Well, I'm sure they'd sell me the car for a lot less than a million dollars. But you're right, it's not just getting the car, it's winning it. There're no bragging rights for paying for a car that was made in 1981.

[Woodrat]

OK -
Step 1 - Open 35 random bags noting the highest two amounts -
Step 2 - begin opening another 35 bags accepting the first one greater than the highest in Step 1 -
Step 3 - If no bag in Step 2 is higher than the highest in Step 1 then begin opening the remaining bags accepting the first one that is greater than the second amount in Step 1 - This may be also greater than the highest amount from Step 1.
Of course the two highest amounts could have been in Step 1 and you would go away with only whatever was in the last bag opened - but then you would also be spated the embarassment of having to drive the car.

[CrystyB]

n is given as 100. The pure strategy is to let k go by and choose the first that is bigger than the max of those first k.

Let me reduce the problem to handle only permutations, that is values of only 1..n, so that max of the first k is >= k.

SUM for i_from_k_to_n of P(max[1..k]_is_i)*P(next_bigger_than_i[k+1..n]_is_n)

in [k+1..n] we have n-i biggers and i-k lessers.

given "a Q and b R", what is the P that the first R is a given number, x?
it is 1/b !!!
Very cute, but i did NOT manage to spot this at first glance (i had to run a few tests =[ )
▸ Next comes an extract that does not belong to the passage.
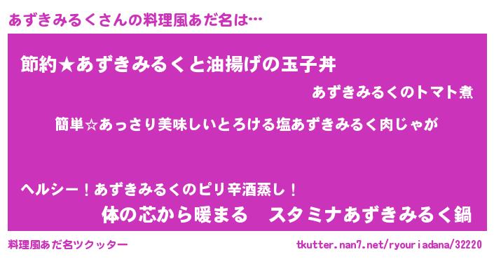 | 意味不明あだ名 | 『永久保存あずきみるく』 |

so now P = SUM for i_from_k_to_(n-1) of {P(max[1..k]=i) / (n-i)}
( if max of the first was n, P is 0 (and btw n-i=0, thus T_(i=n) would have been meaningless) )

but that probability IS P=[(i-1)!*(n-k)!*k]/[n!*(i-k)!], believe me (although i am extrapolating).

and through running spreadsheet calculations for various k's, optimal_k is [drum rolls please!] 37 (sorry i doubted y'all).

[Laramie]

The problem (including the non-discrete case) is very difficult because it "should" depend on our prior beliefs. When we observe, say, 5 amounts, we revise our beliefs about the underlying distribution and then condition our decision on those beliefs. In this case, we are given no prior belief. That does not mean that we cannot improve our lot, however. The typical approach is to accept the current bag with some probability that is increasing in the amount in the bag. One strategy, for example, might be to observe the first 100/e bags and then accept the next bag (assuming it is the largest thus far) with probability min[(x-M)/M,1], where M is the maximum up to that point and x is the current observation. Suppose that M=$1000 and we observe x=$1100. We would accept with probability 0.1. Similarly if x=$3000, we accept with probability 1. In this way, we incorporate our instinctive belief to accept an amount if it is a great deal higher than the current maximum.

I am not arguing, incidentally, that this is an optimal strategy. Rather, I'm arguing that we might be able to increase our chances with a strategy of this nature. Personally, I would tie my decision to the standard deviation of the previously observed values.

I'll post a related (and very interesting problem) in a few minutes.